Making Turkish coffee with cezve

But how is Turkish coffee actually made? It's a beverage obtained through the use of the cezve, a special small copper pot in which finely ground coffee (to learn more, check out our home grinding tutorial) is boiled directly in water, and then served with its same grounds, once they are deposited at the bottom of the cup. This pot is not easy to find on the market, except for some specialized international shops, but it can be purchased online on different sites dedicated to the world of coffee.

Simone Cattani

Simone Cattani

Turkish coffee-making competitions

Today, the use of the ibrik (western name with which the cezve is known) is an actual discipline, part of international coffee making competitions. We asked the Italian champion, Simone Cattani, trainer for SCA (Specialty Coffee Association) and trainer at the Coffee Training Academy in Verona, to explain step by step how to make Turkish coffee at home. Here are his instructions.

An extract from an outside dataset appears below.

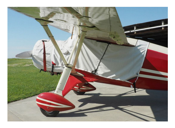
Fairchild 24W Canopy & Engine Cover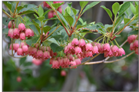
Redvein Enkianthus flowers

How to make Turkish coffee

THE COFFEE: traditionally the blends always used contain a high percentage of robusta variety, therefore lending a rather round, bitter and full-bodied beverage. To obtain a quality cup, it's better to opt for 100% Arabica variety, blend or even single origin, possibly specialty, and therefore of a higher level. In this way, we'll obtain a wider and more elegant aromatic profile.

THE GRIND: the beans must be ground at the moment, otherwise most of the aromas will be lost. The powder must be very fine, even thinner than the altrady fine grind for espresso, because otherwise the deposit would be unpleasantly coarse and won't deposit so easily.

WATER/COFFEE RATIO: usually the basic proportion used is 1:10, so 1 gram of coffee powder per 10 grams of water.

WATER TEMPERATURE: water must be heated to 92/93° C.

TIMING: timing varies depending on the amount of coffee and water employed. Once the water has reached the right temperature, the brew is left to infuse for about 1 minute and 30/45 seconds.

SERVING: finely ground coffee sinks to the bottom of the pot, it's left to decant and then served with without filtering. The cup is generally cylindrical in shape.